Work to be completed – Your copy must hold all of the data below, unchanged and without images.

Data segment –
*** Begin section ***
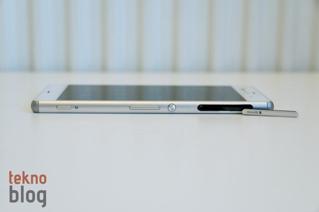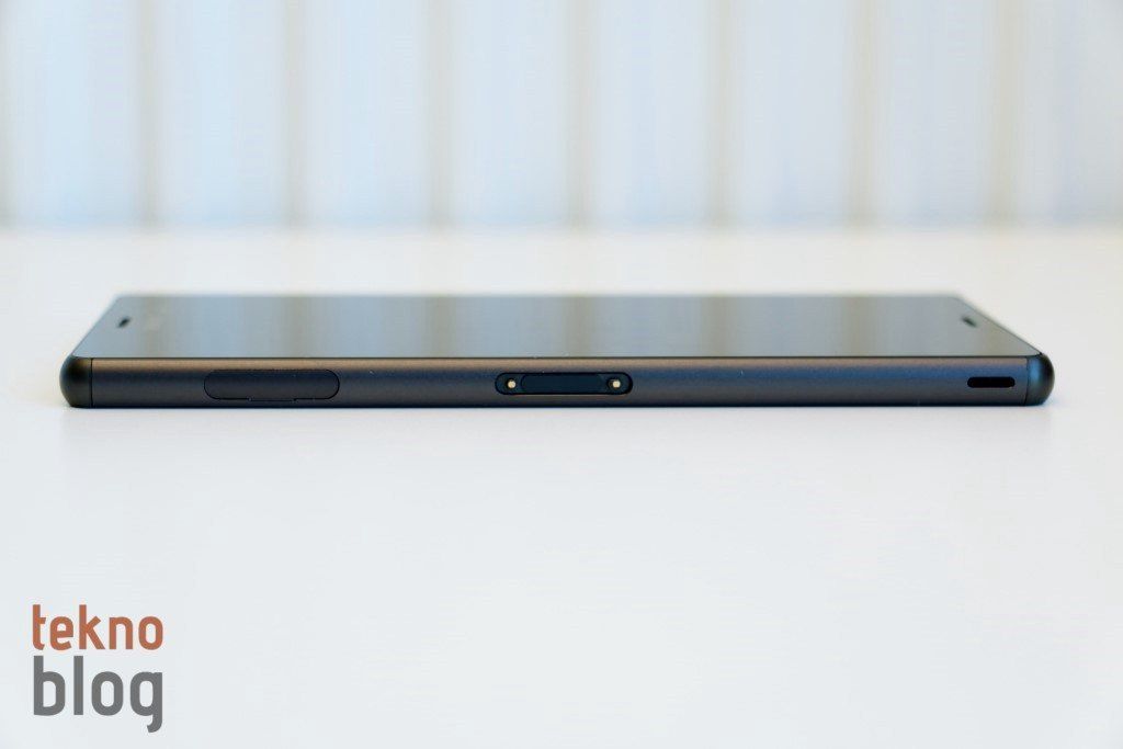 Sağ kenarda microSD ve nanoSIM kart yuvaları, bir kapakla kapatılmış şekilde duruyor. Sony’nin Xperia Android telefonlarının ve tabletlerinin bir klasiği hâline gelen küçük, yuvarlak, metal güç butonu da bu kapağın hemen altında yer alıyor. Daha aşağı indiğimizde ses tuşlarını ve kamera butonunu görüyoruz. Kamera butonunun varlığı özellikle su altı çekimlerde kolaylık sağlıyor. Ne de olsa su altında dokunmatik ekran işlemediği için, fiziksel tuş yardımıyla fotoğraf çekmek veya video kaydını başlatmak mümkün hâle geliyor. Alt kenarda herhangi bir tuş, giriş-çıkış yer almazken sol kenarda kayış geçirmeyi sağlayan yuva, çift pinli bağlantı noktası ve bir kapak arkasında yer alan microUSB portu bulunuyor. Üstte de mikrofon ve 3.5 mm. kulaklık jakını görüyoruz.
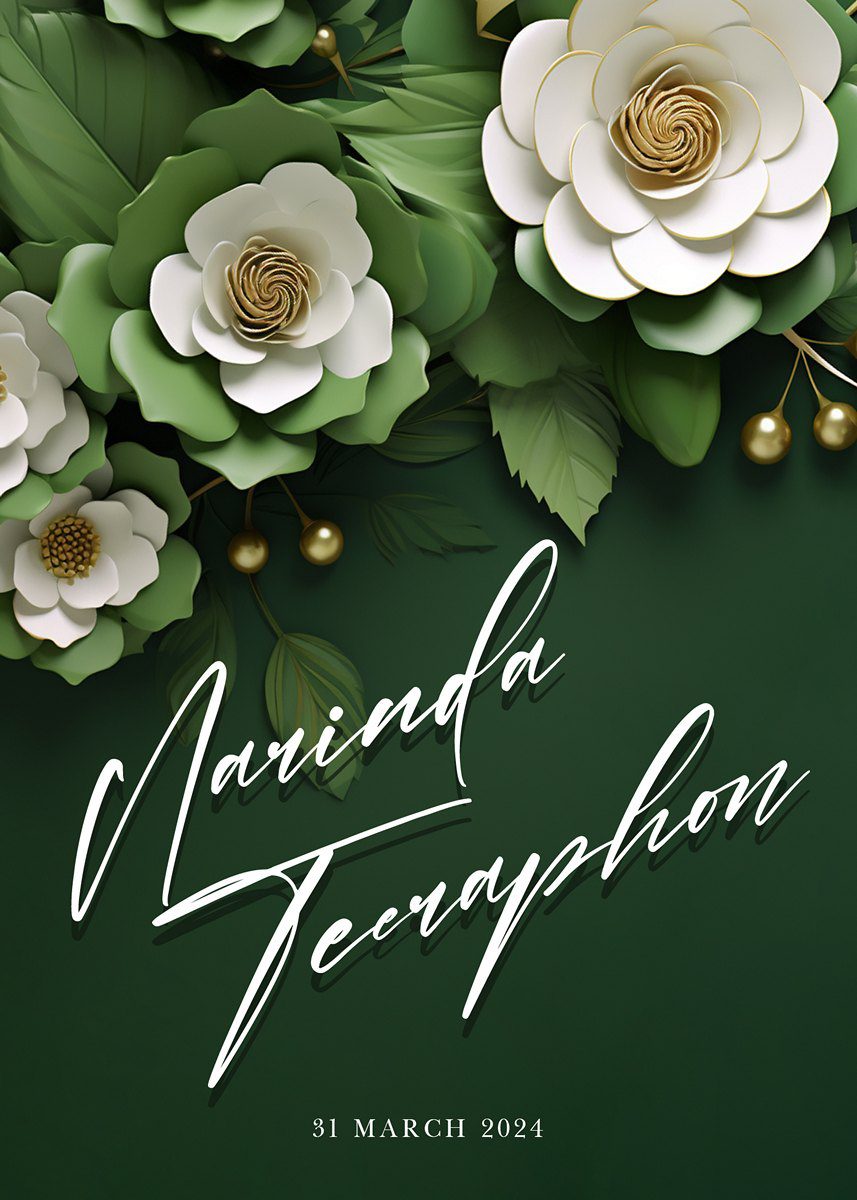 ตัวอย่างการ์ดแต่งงานจากร้าน Samadul Studio เราออกแบบตามความต้องการของลูกค้า โดยเน้นการจัดวางรูปแบบต่าง ๆ อย่างลงตัวที่สุดเพราะเราทราบว่าทุก ๆ อย่างที่ปรากฎบนการ์ดของคุณมีความสำคัญเสมอ เราจึงใสใจในทุก ๆ รายละเอียด เพื่อให้คุณส่งการ์ดเชิญที่สวยงามและสมบูรณ์แบบที่สุดไปยังผู้มีเกียรติทุกท่าน
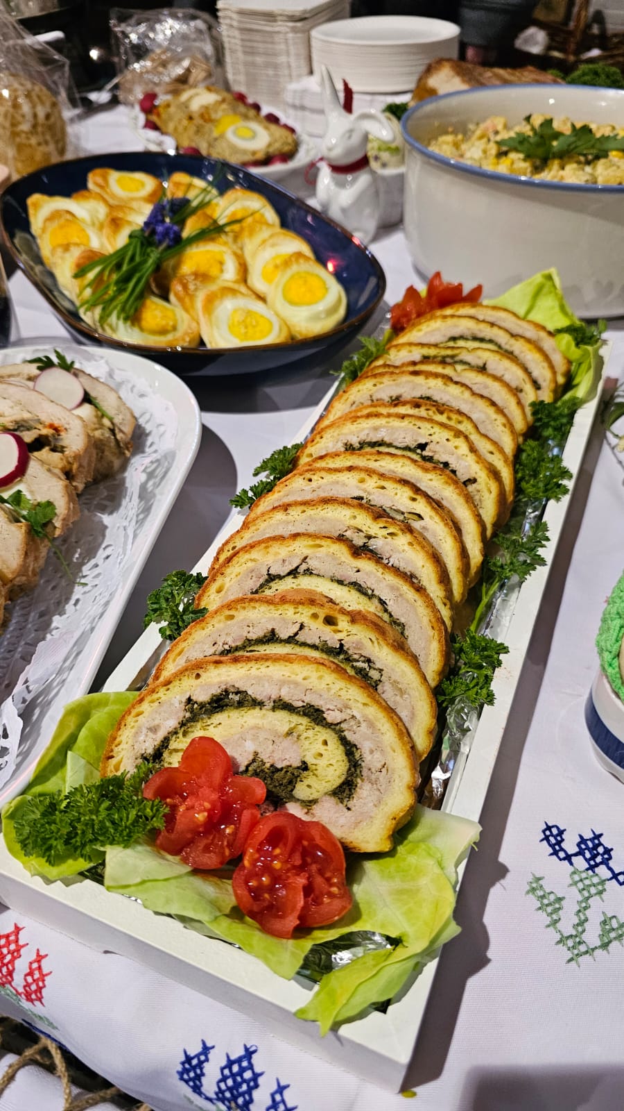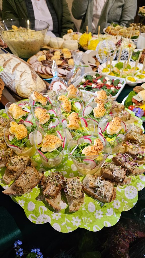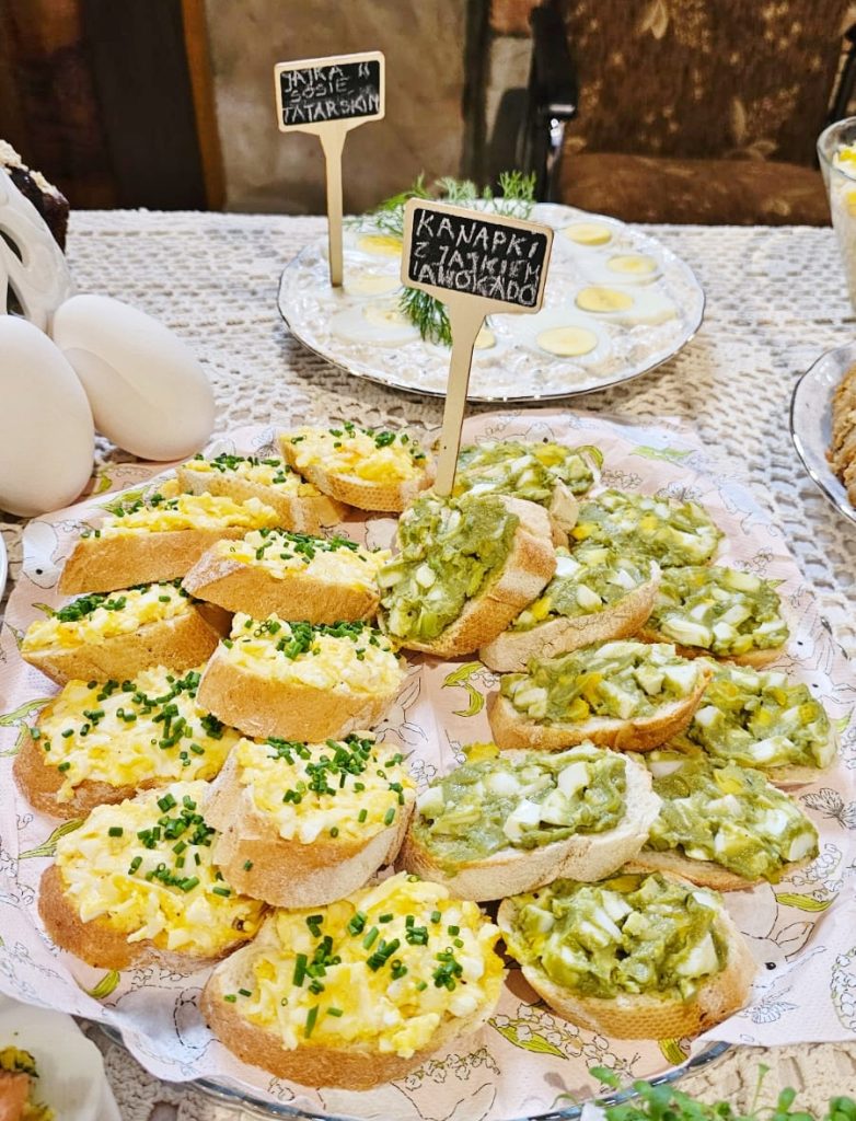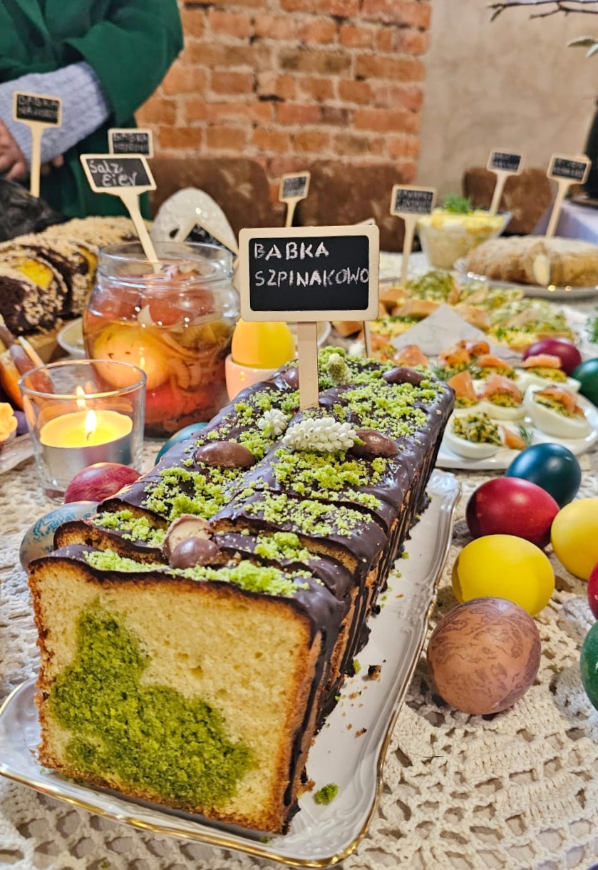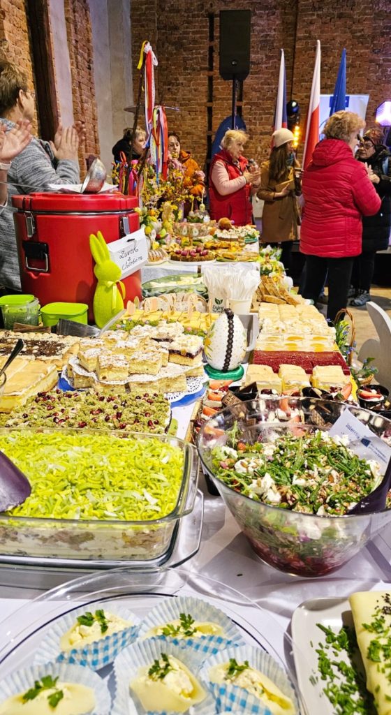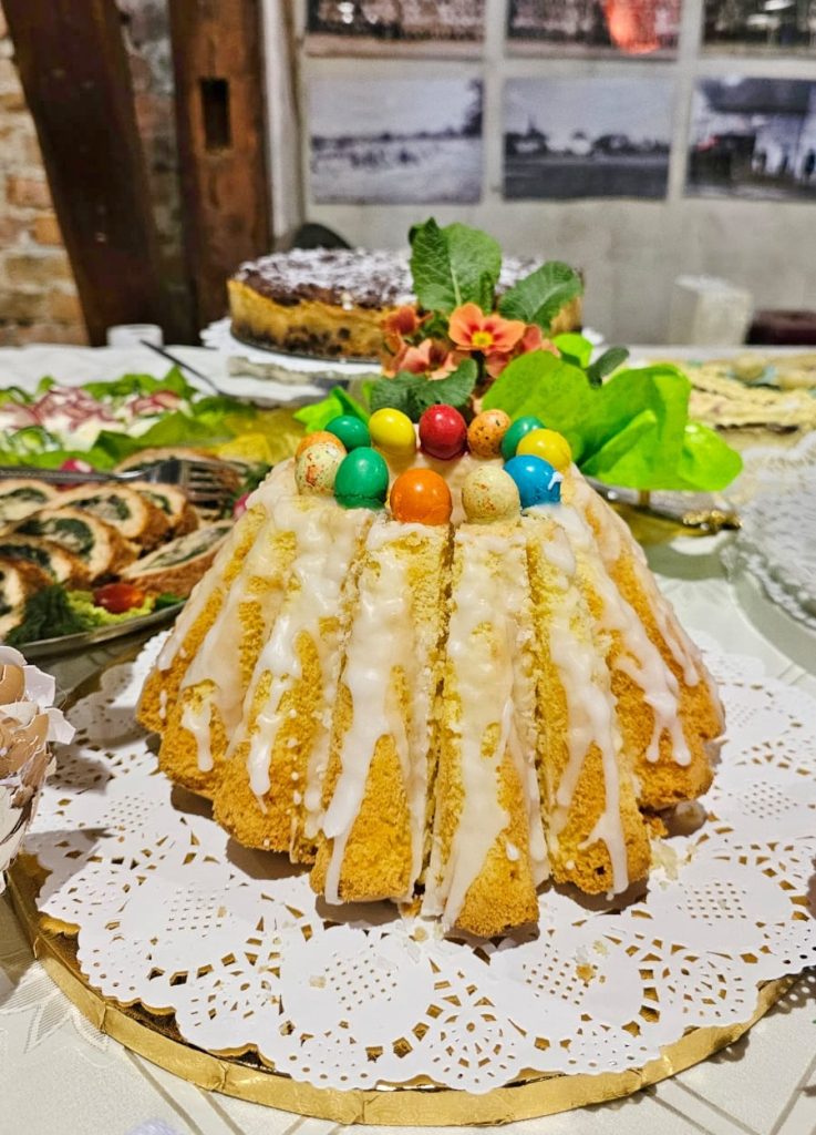 Jakie potrawy można było skosztować w stodole w Brożcu? Były produkty mięsne, sałatki, rolady, ciasta, mazurki, baranki, zajączki, desery, ciastka, baby i babeczki (np. marchewkowa, szpinakowa, pomarańczowo-drożdżowa, różowa), pasztety, kanapki, jajka na mnóstwo sposobów. Wszystko przygotowane w sposób bardzo atrakcyjny wizualnie. Wielkie uznanie dla pań, które musiały poświęcić co najmniej kilka dni na przygotowanie wszystkich tych przysmaków.
*** End section ***
The answer –
 Sağ kenarda microSD ve nanoSIM kart yuvaları, bir kapakla kapatılmış şekilde duruyor. Sony’nin Xperia Android telefonlarının ve tabletlerinin bir klasiği hâline gelen küçük, yuvarlak, metal güç butonu da bu kapağın hemen altında yer alıyor. Daha aşağı indiğimizde ses tuşlarını ve kamera butonunu görüyoruz. Kamera butonunun varlığı özellikle su altı çekimlerde kolaylık sağlıyor. Ne de olsa su altında dokunmatik ekran işlemediği için, fiziksel tuş yardımıyla fotoğraf çekmek veya video kaydını başlatmak mümkün hâle geliyor. Alt kenarda herhangi bir tuş, giriş-çıkış yer almazken sol kenarda kayış geçirmeyi sağlayan yuva, çift pinli bağlantı noktası ve bir kapak arkasında yer alan microUSB portu bulunuyor. Üstte de mikrofon ve 3.5 mm. kulaklık jakını görüyoruz.
 ตัวอย่างการ์ดแต่งงานจากร้าน Samadul Studio เราออกแบบตามความต้องการของลูกค้า โดยเน้นการจัดวางรูปแบบต่าง ๆ อย่างลงตัวที่สุดเพราะเราทราบว่าทุก ๆ อย่างที่ปรากฎบนการ์ดของคุณมีความสำคัญเสมอ เราจึงใสใจในทุก ๆ รายละเอียด เพื่อให้คุณส่งการ์ดเชิญที่สวยงามและสมบูรณ์แบบที่สุดไปยังผู้มีเกียรติทุกท่าน
 Jakie potrawy można było skosztować w stodole w Brożcu? Były produkty mięsne, sałatki, rolady, ciasta, mazurki, baranki, zajączki, desery, ciastka, baby i babeczki (np. marchewkowa, szpinakowa, pomarańczowo-drożdżowa, różowa), pasztety, kanapki, jajka na mnóstwo sposobów. Wszystko przygotowane w sposób bardzo atrakcyjny wizualnie. Wielkie uznanie dla pań, które musiały poświęcić co najmniej kilka dni na przygotowanie wszystkich tych przysmaków.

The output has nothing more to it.